I think everything is working okay now. Thank you

and solve the problem by harmonizing the sequence names in Xtropicalis and transcript_ranges.

Also, on a slightly different topic, please take a look at my long comment here where I try to explain how the code in the fasta_to_sorted_2bit_for_Felis_catus_9.0.R script works. The code in your fasta_to_sorted_2bit_for_UCB_Xtro_10.0.R script works the same way so my explanations apply to your script too.
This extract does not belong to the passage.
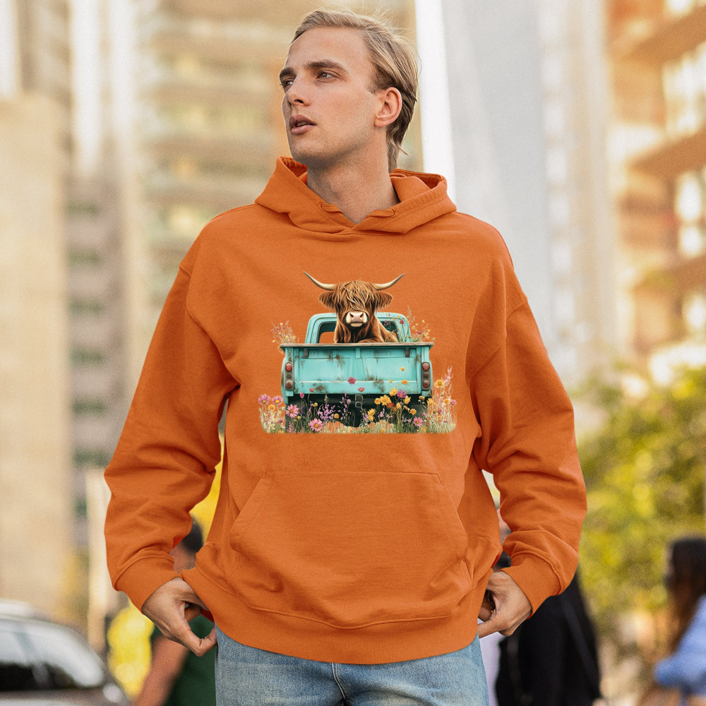 Celebrate rustic charm with this Highland Cow truck design, combining farmhouse floral truck art, boho ranch vibes, and country farmhouse shirt appeal. Perfect for cow lovers, barn style enthusiasts, and small town rural living. A vintage truck cow design that’s both cozy and stylish.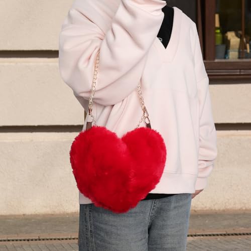 • Good Material: Our heart shaped fluffy bag is designed with plush, soft and cozy, with the main color of red, giving warmth and vitality. It is soft and cozy to the touch, which is very suitable for the winter season, and also adds an added dimension to the bag. This heart shape also fits in well with the festive atmosphere of Valentine's Day. The fluff of our love heart bag will have a little fur loss phenomenon, this is normal, you can gently pat and shake off the floating fur

Be sure to let me know if you have questions.

Alright sir, I will. Thank you.

hpages commented 1 year ago

Great. I'm closing this.

Please remember to record your contribution on Outreachy.

We're approaching the end of the application period so there's not much time left. If you want to work on a last task, please choose one from the "Additional tasks" section at the bottom of this page. Note that the first two are already assigned. Thanks!

Simplecodez commented 1 year ago

Alright, sir. Thank you. I am preparing my final application current.